Re: [clipboard events] Pasting scenarios and the shape of clipboardData.getData(‘text/html’) return value

On Apr 9, 2014, at 1:58 PM, Ryosuke Niwa <rniwa@apple.com> wrote:
> On Apr 7, 2014, at 3:37 PM, Ben Peters <Ben.Peters@microsoft.com> wrote:
> 
>>>>>> After working with developers inside and outside Microsoft, it seems there are several types of paste that make sense in various scenarios. For instance, 
>>>>>> 1- if pasting into a rich document, it could be important to maintain source styling information. 
>>>>>> 2- When pasting into a wiki from an external source, it might make more sense to maintain destination styling instead. 
>>>>>> 3- When copying from a wiki and pasting back into that same wiki, it makes sense to maintain any special formatting on that text (inline styles) but otherwise to use the theme (style sheets). 
>> 
>> There is one other scenario here, which is to maintain the html shape, but not any styles.
>> 4- When seeking to maintain lists and tables, but format them with destination styles, it makes sense to remove style elements and style rules, but keep other html ( <li> and <table> for instance ).
> 
> Right, that's an important use case to address.
> 
>>>>>> One possibility would be to do something similar to Firefox, but also 
>>>>>> include a text/css clipboard item, which contains styles relevant to 
>>>>>> what is copied
>> 
>>>>> How hard do you think this is to implement?
>> 
>>>> Thanks for the code sample and thoughts! I'll run it by a few more 
>>>> developers to get deeper insight and get back to you.
>> 
>>> Great! Note that the code samples are just to get us started thinking about the issues we'll have to tackle if we're going to do this - if some other behaviour (say, 
>>> creating new class names and making up a new style sheet with generated/computed styles) is easier to implement or seems to make more sense by all means 
>>> suggest that other behaviour instead.
>> 
>> In order to support the 4 scenarios I mentioned above, we need to be able to distinguish inline css from style sheets.
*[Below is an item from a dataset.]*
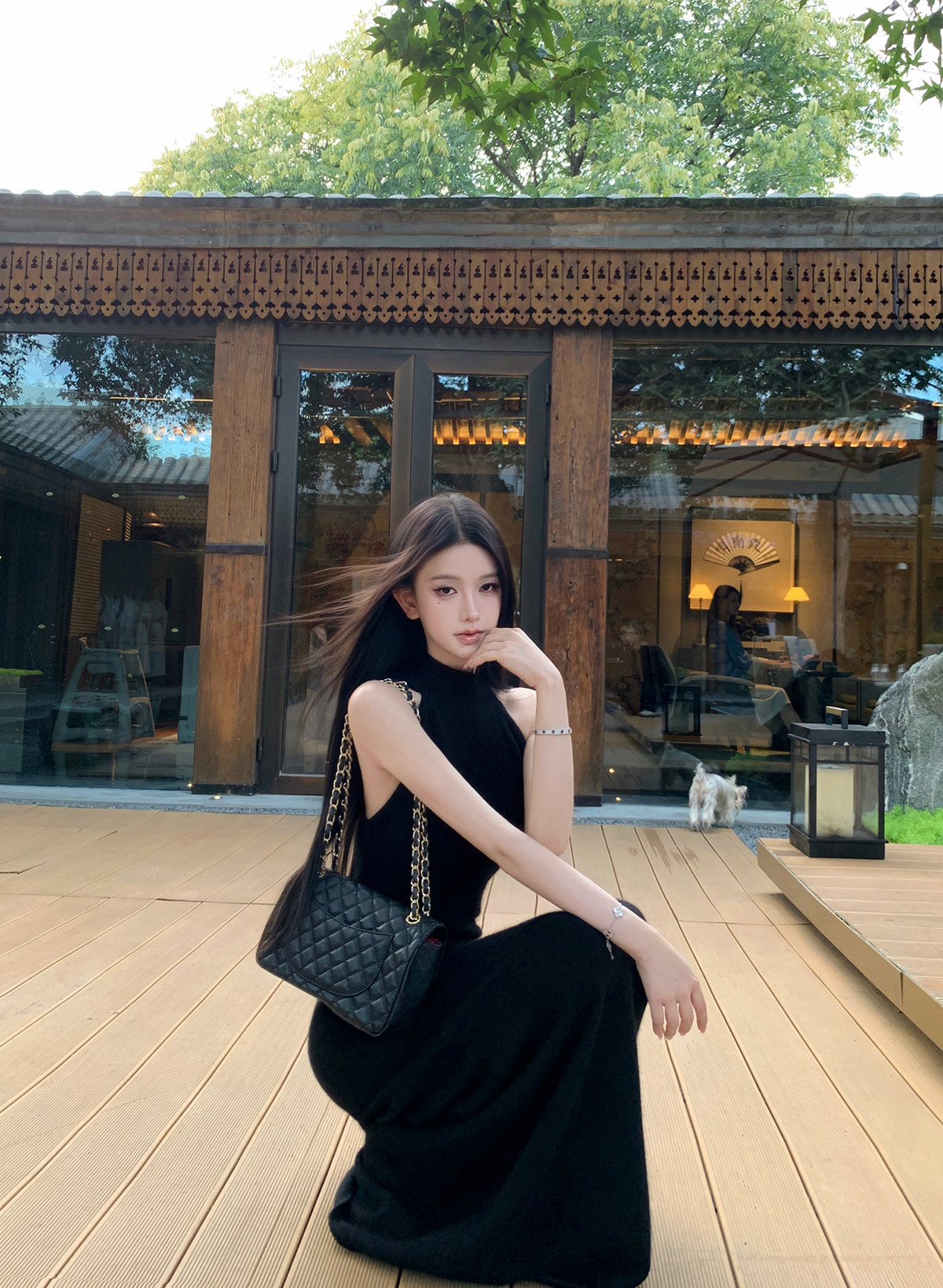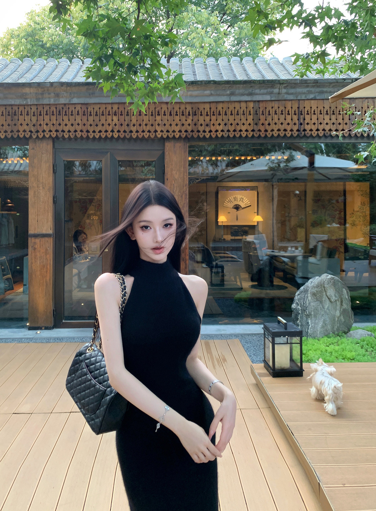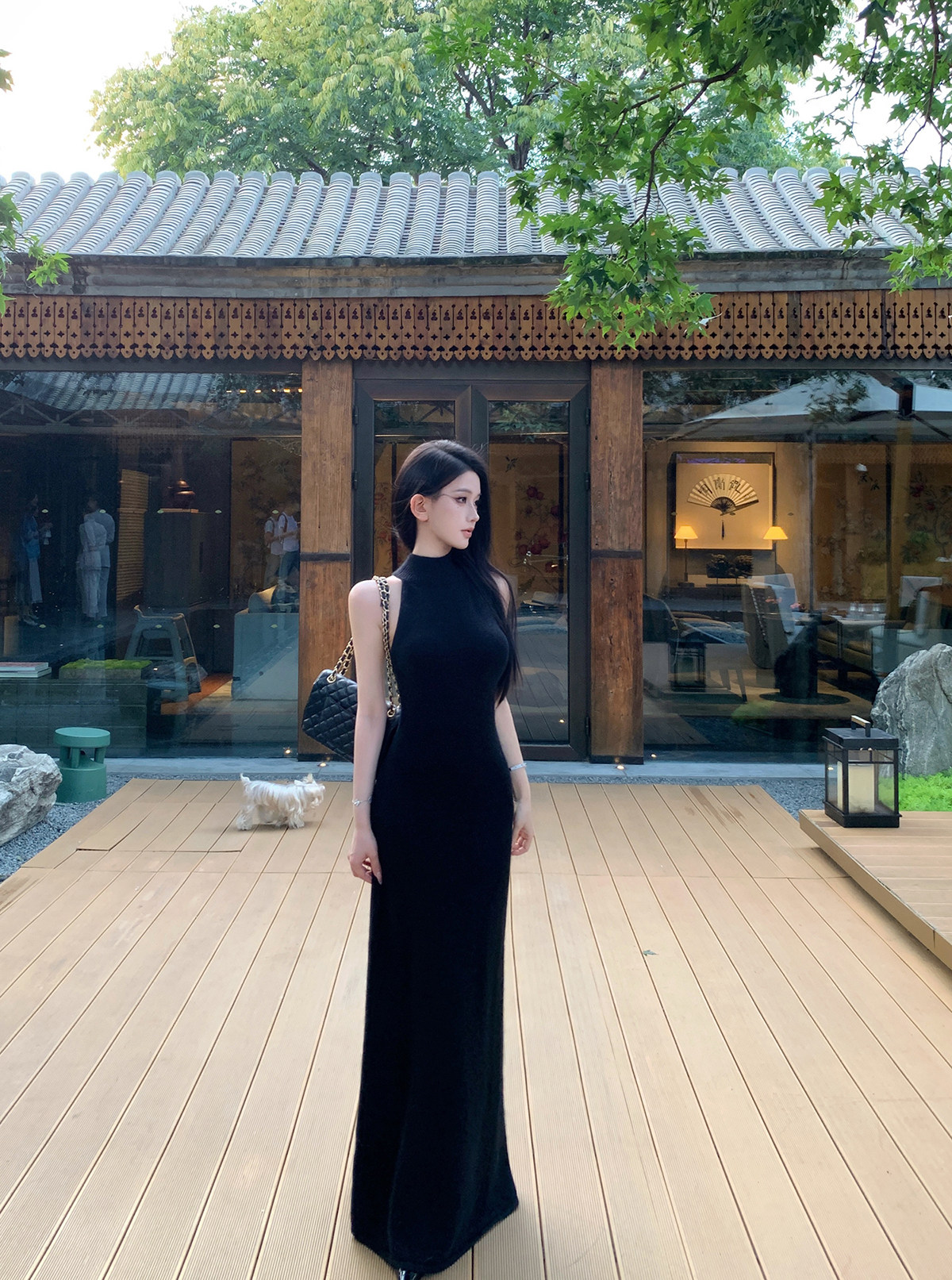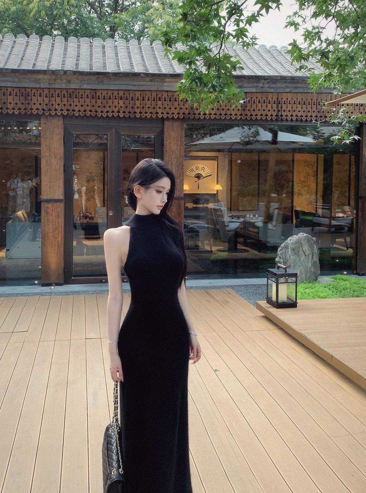 无袖挂脖的设计,露出部分肌肤平衡针织裙的厚重感,

Your idea here about creating a new style sheet seems like a good way to go since it helps solve the selectors problem where css doesn't work the same once you remove the context by copying a section out, and it keeps the inline styles separate from the style sheets. We could include this styles in the head of the document or in a new text/css item.
>> 
>> On copy, we would take something like Chrome's algorithm to get relevant css for each element. For top-level elements, this would mean several rules by default to 'reset' the style, and anything other relevant styles. We would create a new class for each unique set of computed styles and give it a name that can be recognized and unique, maybe "copiedStyle_<randomid>" where <randomid> is a guid or similar. We would also remove any inline style elements like Chrome/Firefox already do. So on copy you would get something like this on the clipboard:
>> 
>> Version:0.9
>> StartHTML:0000000157
>> EndHTML:0000033333
>> StartFragment:0000011111
>> EndFragment:0000022222
>> SourceURL:http://en.wikipedia.org/wiki/Darth_vader
>> <html>
>> <head>
>> <style>
>> .copiedStyle_12345 {
>> 	color: black; background-image: none; font-weight: normal; margin: 0px 0px 0.25em; overflow: hidden; padding: 0px; border-bottom-width: 1px; border-bottom-style: solid; border-bottom-color: rgb(170, 170, 170); font-size: 1.8em; line-height: 1.3; font-family: 'Linux Libertine', Georgia, Times, serif; font-style: normal; font-variant: normal; letter-spacing: normal; orphans: auto; text-align: start; text-indent: 0px; text-transform: none; white-space: normal; widows: auto; word-spacing: 0px; -webkit-text-stroke-width: 0px; background-position: initial initial; background-repeat: initial initial;
>> }
>> </style>
>> </head>
>> <body>
>> <!--StartFragment--><h1 id="firstHeading" class="copiedStyle_12345 firstHeading" lang="en"><span dir="auto">Darth Vader</span></h1><!--EndFragment-->
>> </body>
>> </html>
> 
> Somewhat tricky issue here is that when this content is pasted into some page, that page may also have other CSS rules defined.  Depending on selectors they use, they might have a higher precedence than the single class name we use in the copied content.  We could add !important to each property but that could cause an issue if the pasted content is later edited, say, inside a contenteditable region.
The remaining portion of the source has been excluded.